However, Riemann integral is only defined for bounded functions defined on a bounded interval $[a,b]$. (At least that's the case I've seen in all the text books.) So when the integral exists, it must be finite. One way to define Riemann integral is through upper and lower Riemann integrals. The upper Riemann integral is defined as $$U(f)=\inf\left\{\sum_i \left(\sup_{x_{i-1}\le x \le x_i}f(x)\right)\cdot (x_i-x_{i-1}):\text{ all partitions } (x_0,x_1,\cdots,x_n)\right\},$$ and the lower Riemann integral is defined to be $$L(f)=\sup\left\{\sum_i \left(\inf_{x_{i-1}\le x \le x_i}f(x)\right)\cdot (x_i-x_{i-1}):\text{ all partitions } (x_0,x_1,\cdots,x_n)\right\}.$$ The function $f$ is called Riemann integrable if $U(f)=L(f)$, and the common value is called the Riemann integral.
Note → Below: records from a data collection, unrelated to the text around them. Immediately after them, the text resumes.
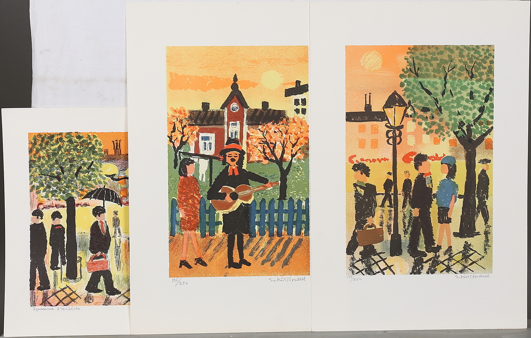 243920. ESKIL NORDELL. Color lithographs, 4 pcs, signed.
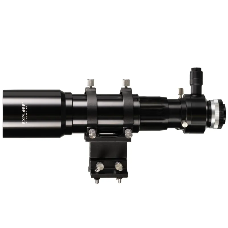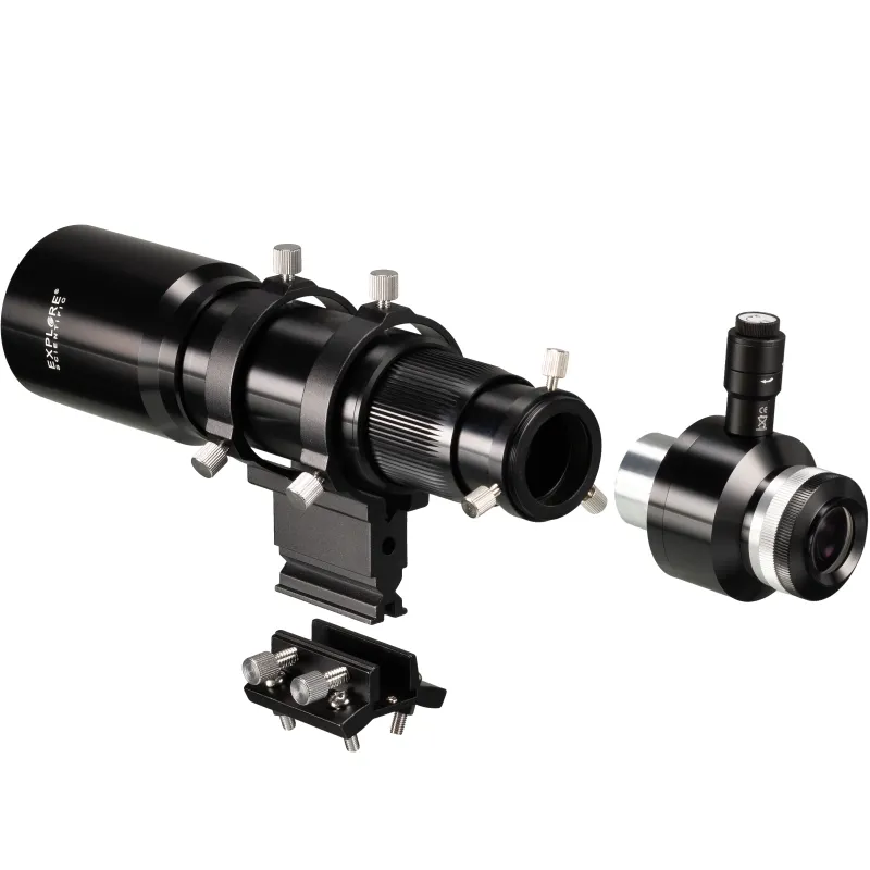 Use as mini travel telescope This viewfinder and guide telescope can also be used quite simply as a mini travel telescope. With the optional eyepieces, a magnification of 9x to 50x can be achieved. Nearly all eyepieces with a focal length of 5 to 26mm and 1.25 inch/31.7mm plug connection are suitable. Especially recommended are the EXPLORE SCIENTIFIC eyepieces of the 52 degree (Art. 02195xx) and 62 degree (02196xx) LER series. Note: Only straight view use is possible. Metal viewfinder holder and viewfinder shoe The mount of this viewfinder and guide telescope is completely made of aluminium and is a stable base. The viewfinder mount is suitable for many common types of telescopes, such as EXPLORE SCIENTIFIC, BRESSER MESSIER etc. If the existing viewfinder shoe is not compatible, a matching viewfinder shoe is also included. This can be attached to the telescopic tube by means of four M5 screws. The bore distances of the viewfinder shoe are 31.7mm on the longitudinal and transverse axis. The six large adjustment screws with non-slip knurling make it easy to align the viewfinder, even with clammy fingers. All adjusting and clamping screws have plastic tips that effectively prevent the viewfinder housing and viewfinder mount from being scratched.
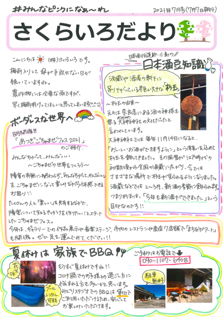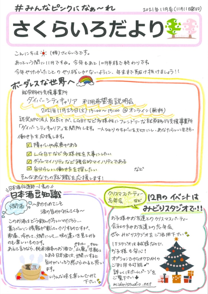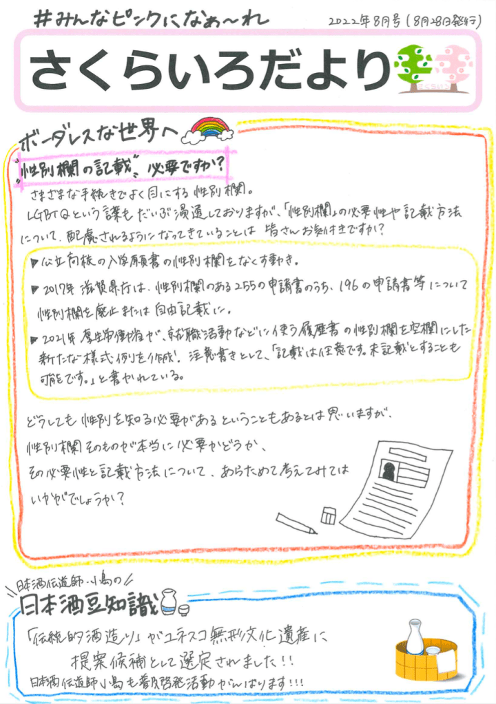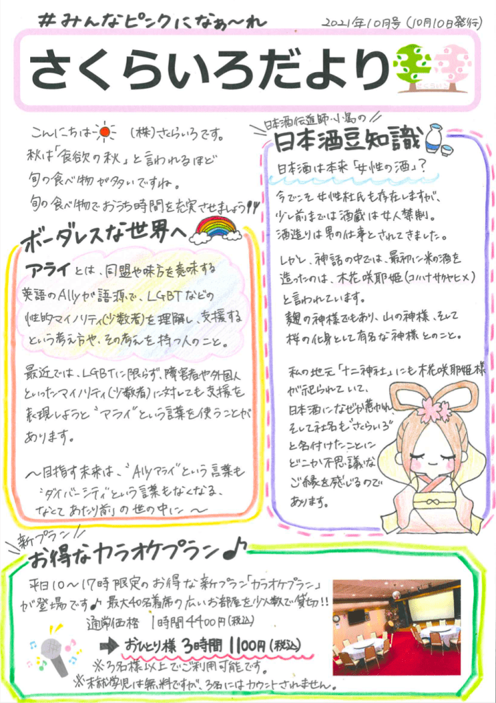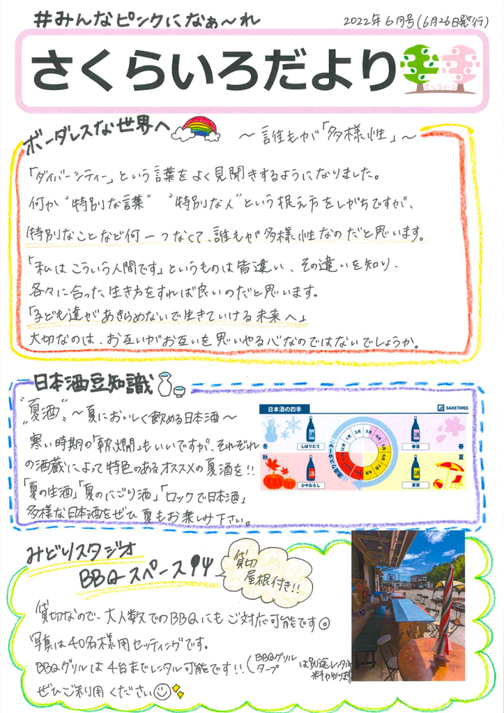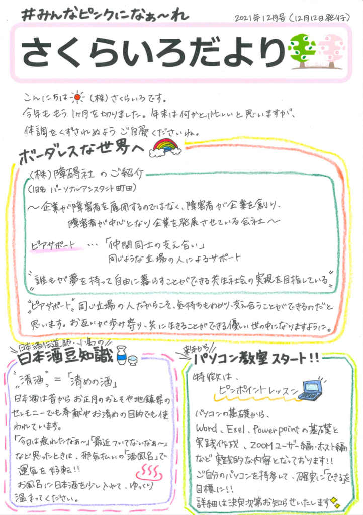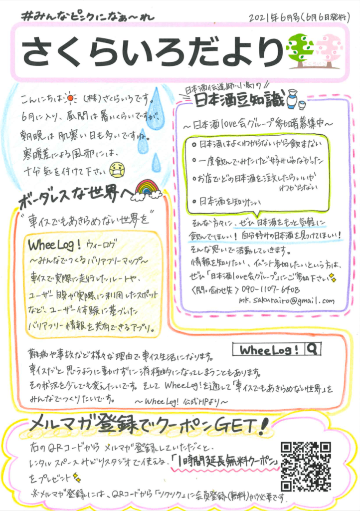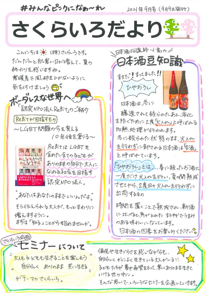 さくらいろ小島は、2021年4月から2022年の11月まで20回に渡って、『さくらいろだより」を発行してきました。
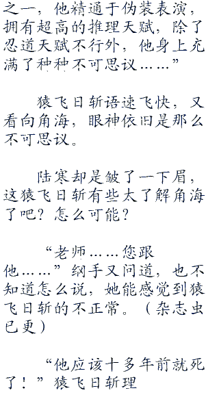 “呃……他叫角海是吗?”陆寒脸色一惊一乍的,好似不知道猿飞日斩为何这么大反应。纲手则神情怪异,她许久没见老师这样失态,连忙问道:“老师……他是?”
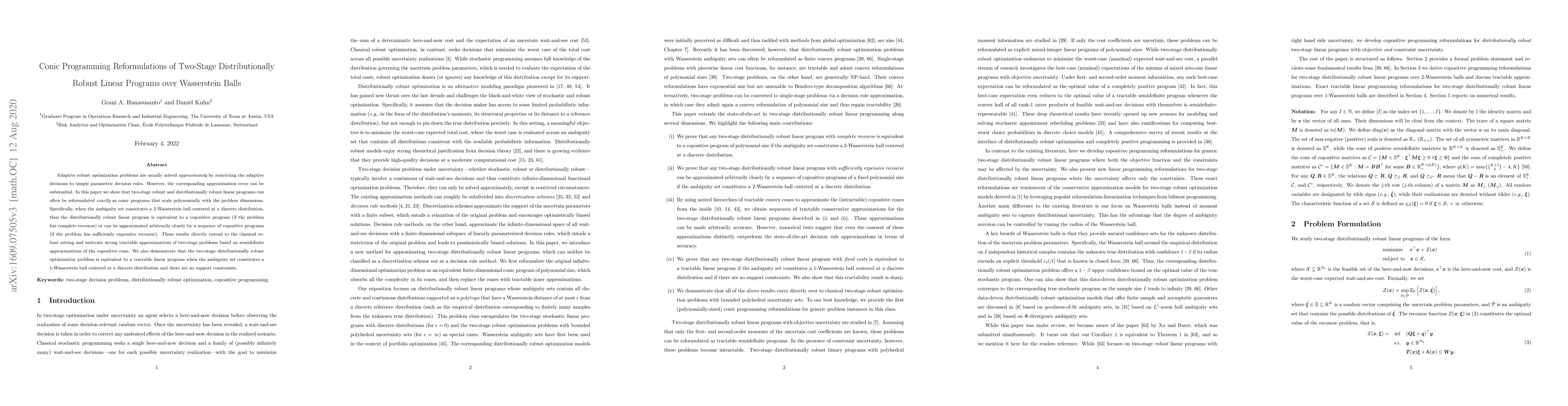 This paper reformulates two-stage distributionally robust linear programs over Wasserstein balls as conic programs, showing exact equivalence for 2-Wasserstein balls and tractable approximations for 1-Wasserstein balls. The reformulations enable polynomial-scale solutions and extend to classical robust settings.

Clearly, since we only consider bounded functions $f$: $|f|\le M$, we always have $$-M\le L(f)\le U(f)\le M,$$ and the Riemann integral is always finite if $L(f)=U(f)$.

The case of Riemann-Stieltjes integral should be similar.

If you take the definitions from Wikipedia, there's no infinite Riemann(-Stieltjes) integral because the definition requires the existence of a real number $A$ which is the limit of Riemann sum.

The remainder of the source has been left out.